PROBLEM DETAILS: All of the data should be copied exactly, with the pictures left out.

THE DATA:
--- START ---
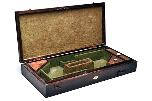 A MAHOGANY CASE FOR A PAIR OF FLINTLOCK DUELLING PISTOLS,
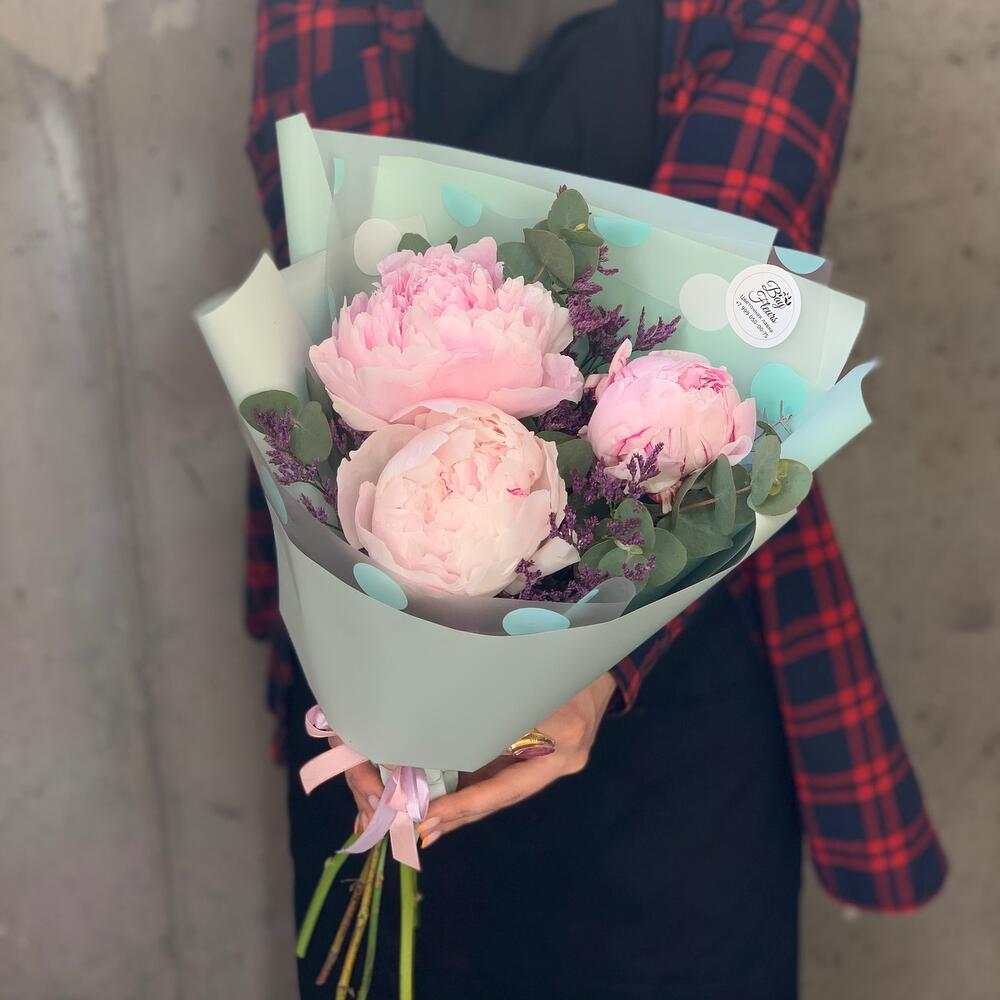 Пион Сара Бернар – 3 шт.зелень декоративная – 3 шт.Лимониум – 2 шт.Упаковка дизайнерская – 1 шт.
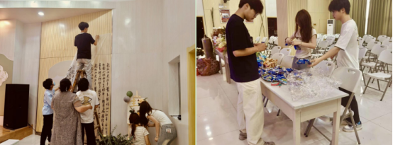 同学们早早来到现场,全部加入布置活动的会场中,忙得不亦乐乎。有的打气球、有的挂背景、有的摆物品,还有的拉彩灯,只为给今天到场参加集体生日会的老师们一份惊喜和满意。
--- END ---
ANSWER SECTION:
 A MAHOGANY CASE FOR A PAIR OF FLINTLOCK DUELLING PISTOLS,
 Пион Сара Бернар – 3 шт.зелень декоративная – 3 шт.Лимониум – 2 шт.Упаковка дизайнерская – 1 шт.
 同学们早早来到现场,全部加入布置活动的会场中,忙得不亦乐乎。有的打气球、有的挂背景、有的摆物品,还有的拉彩灯,只为给今天到场参加集体生日会的老师们一份惊喜和满意。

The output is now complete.